Is it Offenses or Defenses that win championships?
Posted Jan. 14 at 01:32 AM
I noticed the other day that Pittsburgh and Arizona managed to make it to the conference championship games despite having unusually unbalanced teams. The Steelers became the just the third team in the last 30 years to make it to the conference championship level without ranking higher than 20th in scoring, while the Cardinals became just the third team ever to do it with a bottom-5 defense.
And note that three of the four semifinals this year rank in the top 4 in defenses (along with the Titans, the Steelers, Ravens and Eagles were the best at not allowing points).
It got me thinking. Which teams have more success: those with high-scoring offenses, or those with tough defenses?
On the topic, I pulled up the following numbers.
Since the NFL went to a 16-game schedule 30 years ago, there is no strongly pro-offense or pro-defense trend that emerges. Of the last 124 teams to make it to an AFC or NFC Championhip game, 63 had a top-5 offense and 63 had a top-5 defense (that’s in terms of scoring).
If you want to look at top 10 rather than top 5, I’m seeing 98 offensive teams (out of 124 total) versus 89 defensive – still not much of a difference.
Teams that were heavily skewed towards offense -- ranking 10 spots higher in offense than defense -- went 7-8 in conference championship games. (Arizona fits this mold).
Teams that were heavily skewed towards defense – 10-plus spots higher in defense than offense – went 6-8 in these games (Pittsburgh fits this mold).
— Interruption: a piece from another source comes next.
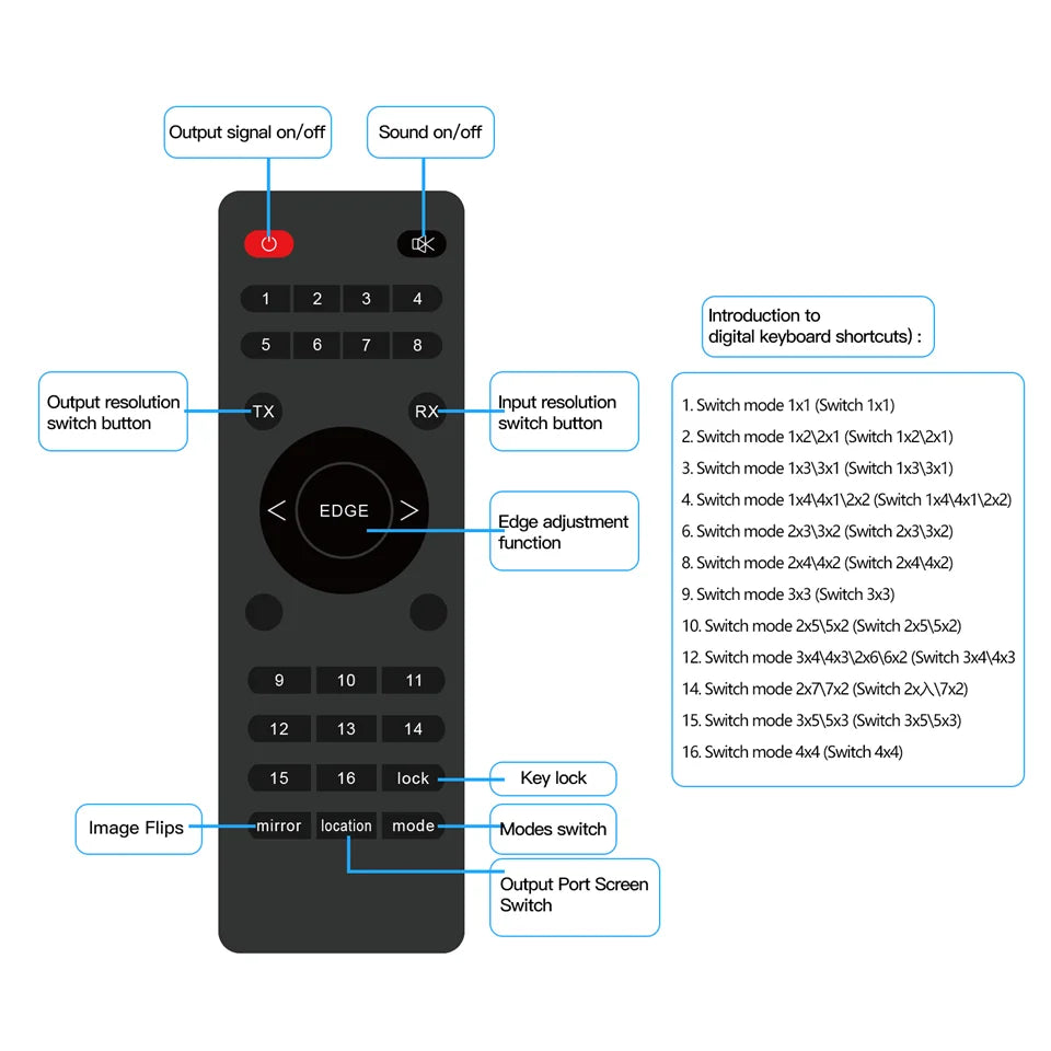 Support  1x1,1x2, 1x3, 1x4, 2x1, 2x2, 2x3, 2x4, 2x5,2x6,2x7,3x1, 3x2, 3x3, 3x4,3x5,4x1, 4x2,4x3,4x4,5x2,5x3,6x2,7x2 modes for your choice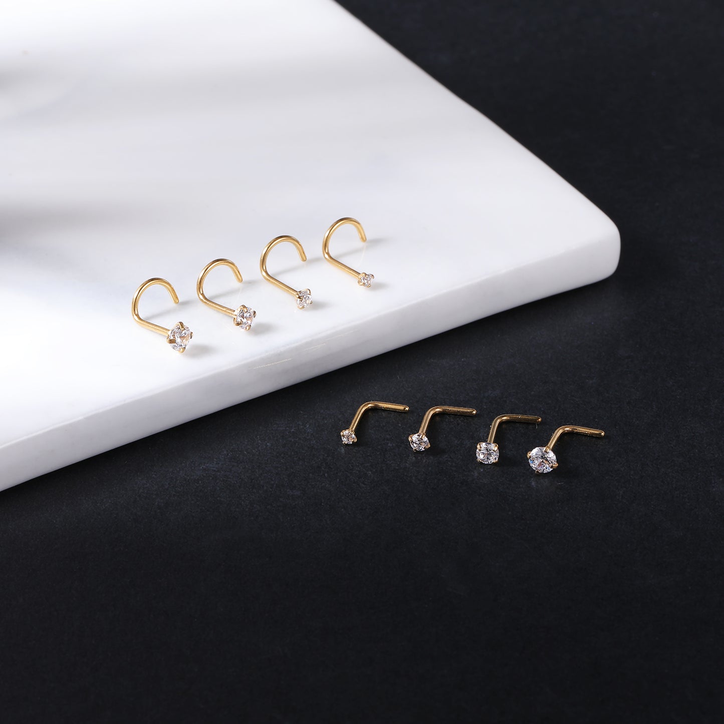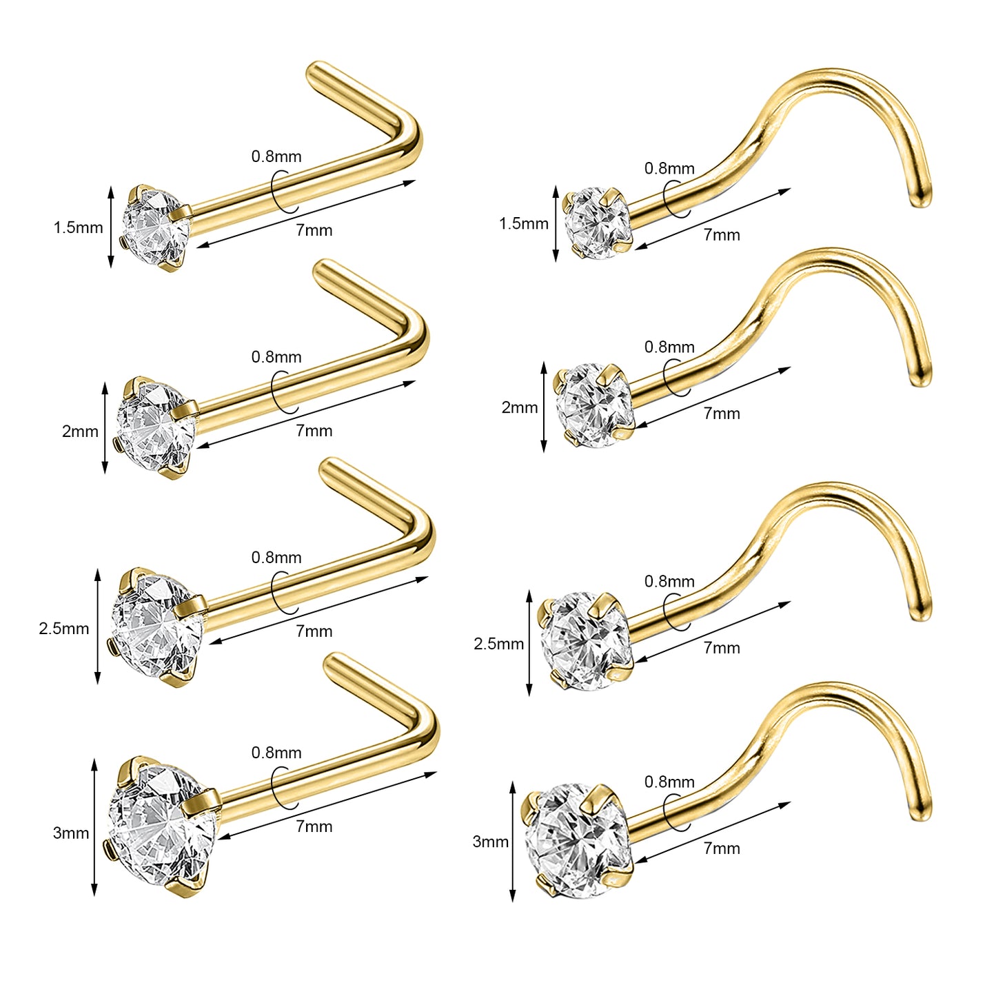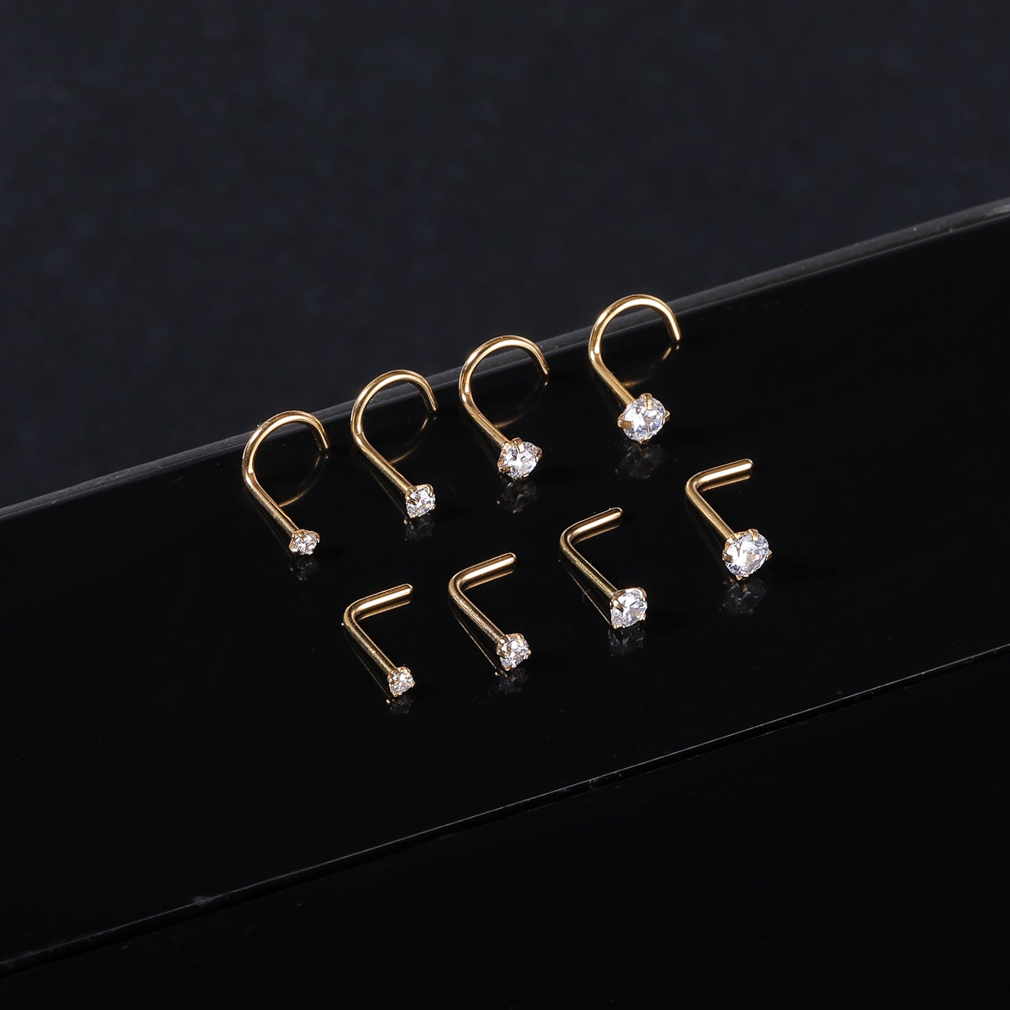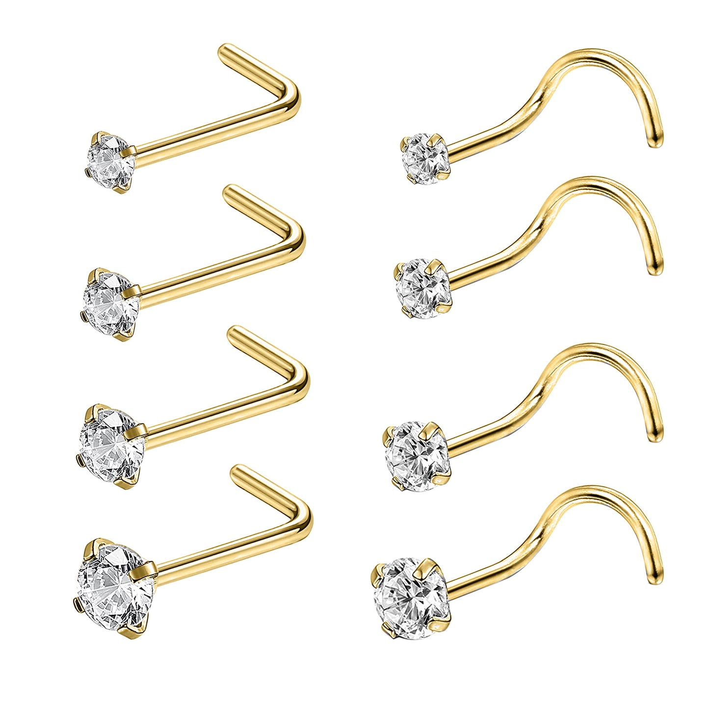 8Pcs/Set CZ Nose Piercing L Shaped/Screws Gold Nose Rings-Economic Set

Of our 124 teams, 53 ranked higher in defense (and this group includes Pittsburgh, Baltimore and Philadelphia). That cross section of teams went 29-21 at the conference championship level.
A few more teams – 62 including Arizona – ranked higher offensively. That group was less successful in conference championship games, with a composite record of 27-34.
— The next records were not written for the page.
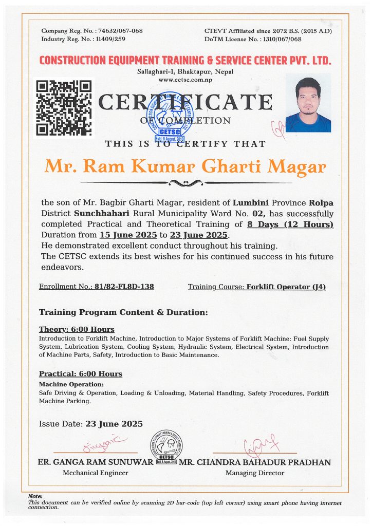 Full Name: Ram Kumar Gharti Magar Father's Name: Bagbir Gharti Magar Date of Birth: 1989 October 02 Enrollment No.: 81/82-FL8D-138 Address:Lumbini, Rolpa, Sunchhahari-02, Nepal Training Course: Forklift Operator (J4) Training Duration: 8 Days (12 Hours) Training Date: 15 June 2025 - 23 June 2025 Forklift (J4) Licensed (Yes/No): - License No.: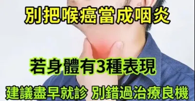 把喉癌當成咽炎,若身體有3種表現,建議盡早就診,別錯過了治療良機,後悔莫及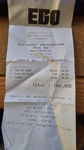 Attention à la douloureuse : -138 balles de côte de bœuf, 300g mangeables, au prorata on est sur une viande à 460 balles le kilo (à ce tarif là, on est presque sur du wagyu hein...) -14 balles pour une tomate-buratta qui était aussi crémeuse qu'une boule de mozza de supermarché. -14 balles pour 2 p'tits bols de patates (qui étaient bonnes, faut leur reconnaître ça !)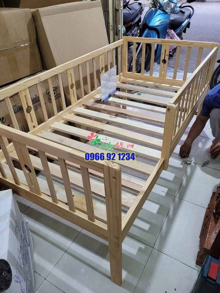 – Giường gỗ ghép cho bé với bố mẹ với thiết kế thành giường cao an toàn khi bé nằm ngủ.

So in this admittedly quick and non-scientific glance, I’m not seeing strong numbers either way that suggest that it’s best to try to win a championship by focusing on bulking up one side of the ball. Surprising, even teams that were strong on both sides of the ball weren’t as dominant as you might expect. Those were ranked in the top 4 on both offense and defense have gone only 13-6 in conference championship games.